Your toilet should always have a bell-shaped flange plunger. The plunger requires muscle to work in both downward and upward motion. Ensure that the water level in the toilet bowl covers the rubber part of the plunger before you start pumping away.

using a flange plunger

The pressure you create by pushing and pulling the plunger should be enough to clear the clog. However, if it doesn’t, consider using a plumbing snake.

Use a Plumber’s Snake

Sometimes the clog is lodged deep down the toilet in the U-trap or drain pipes. In such situations where a plunger doesn’t help, a plumber’s snake comes in handy.

plumbing snake

Also known as a plumbing snake, closet snake, closet auger, or drain snake, a plumber’s snake has a coil that extends 3-6 feet into the toilet trap. In case the clog is within its reach, you’ll clear it with just a few in and out strokes of the snake.

What is the Best Liquid to Unclog a Toilet?

While commercial chemical drain cleaners are passed as the best liquid solutions to unclog a blocked home drain, they usually pose various risks that you should avoid at all costs when used in toilets.

Enzymatic drain cleaners are safer to use than any given chemical drain cleaner. However, you can make a simple homemade drain cleaner from everyday home items like household bleach, hot water, dish soap, vinegar, and baking soda.

Household bleach breaks down the clothing waste, potentially unclogging the toilet in about 15 minutes. A mixture of hot water (avoid actively boiling water) and dish soap also works in 10 to 15 minutes when pressed for time.

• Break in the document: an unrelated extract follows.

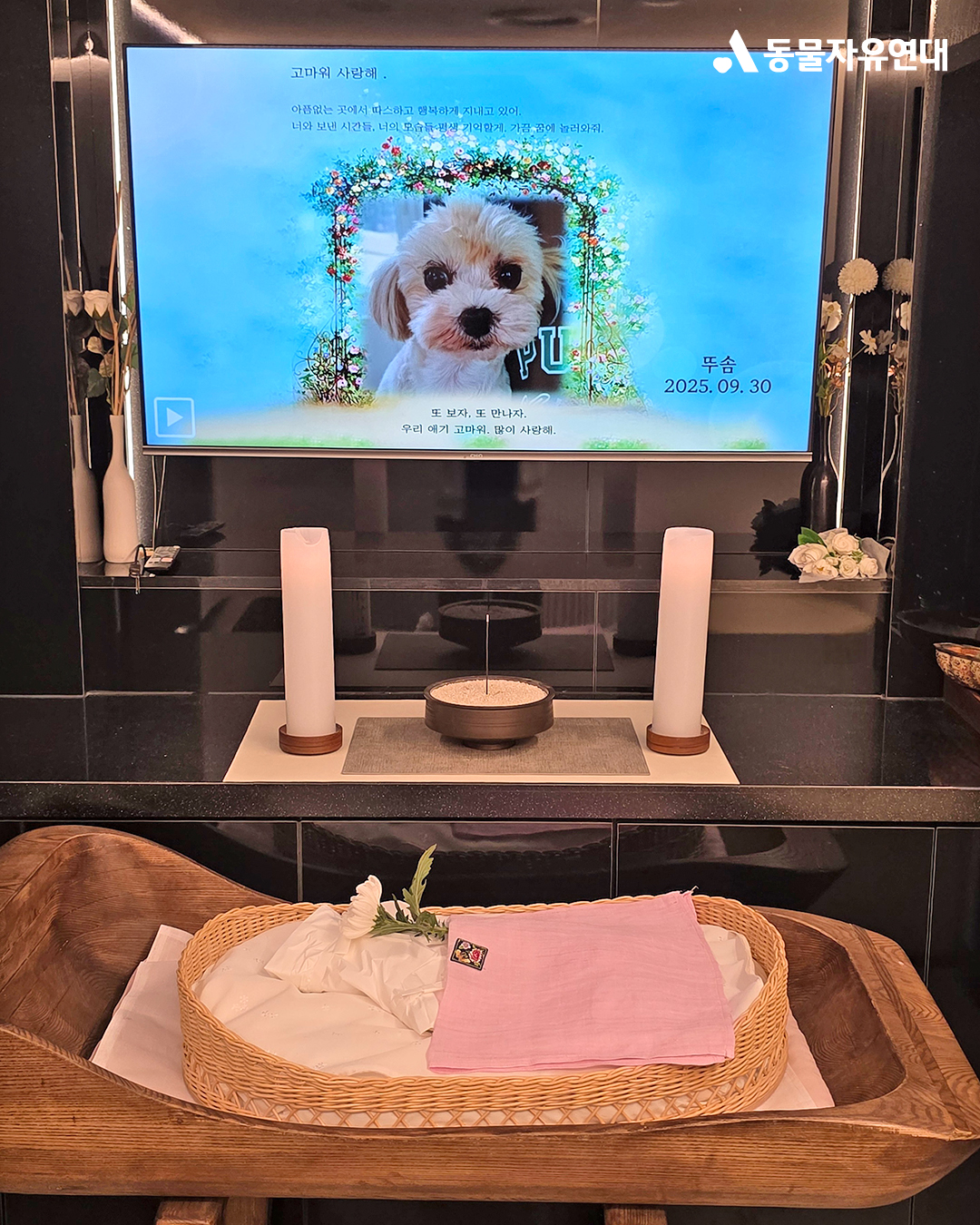 뚜솜이의 삶을 기억합니다. 그리고 다짐합니다. 뚜솜이가 남긴 짧지만 선명한 흔적이 헛되지 않도록, 더 많은 생명들이 제 삶을 온전히 살아갈 수 있도록 계속해 나가겠습니다. 뚜솜이의 마지막 길을 함께 애도해 주시길 부탁드립니다.

You can also pour baking soda and vinegar into the toilet bowl to clear a clog. The two react and eat sediment away in a few minutes, but you might have to flush and pour them again a few times until the clog clears.

Why Do Plumbers Hate Drano?

Plumbers hate Drano when used in toilets because it makes the clogging situation worse. Since most people first try to clear clogs themselves before calling in a plumber, there are more risks of messing up even more.

Plumbers advise people against using Drano in toilets because it can easily damage the toilet porcelain through cracking or the drain pipes through corrosion, making it difficult for them to clear the clog or repair the toilet and its plumbing system.

Bottom Line

For the safety of your toilet and yourself, you should avoid using Drano as a drain cleaner for a clogged toilet.

You risk cracking the porcelain, damaging your relationship with your plumber, or suffering from skin burns and the toxicity of fumes produced when Drano reacts with other chemical drain cleaners you might have used earlier.

As an alternative to Drano, you can use a flange plunger, toilet auger, vinegar and baking soda, hot water, and dish soap or household bleach to clear the clog within a few minutes.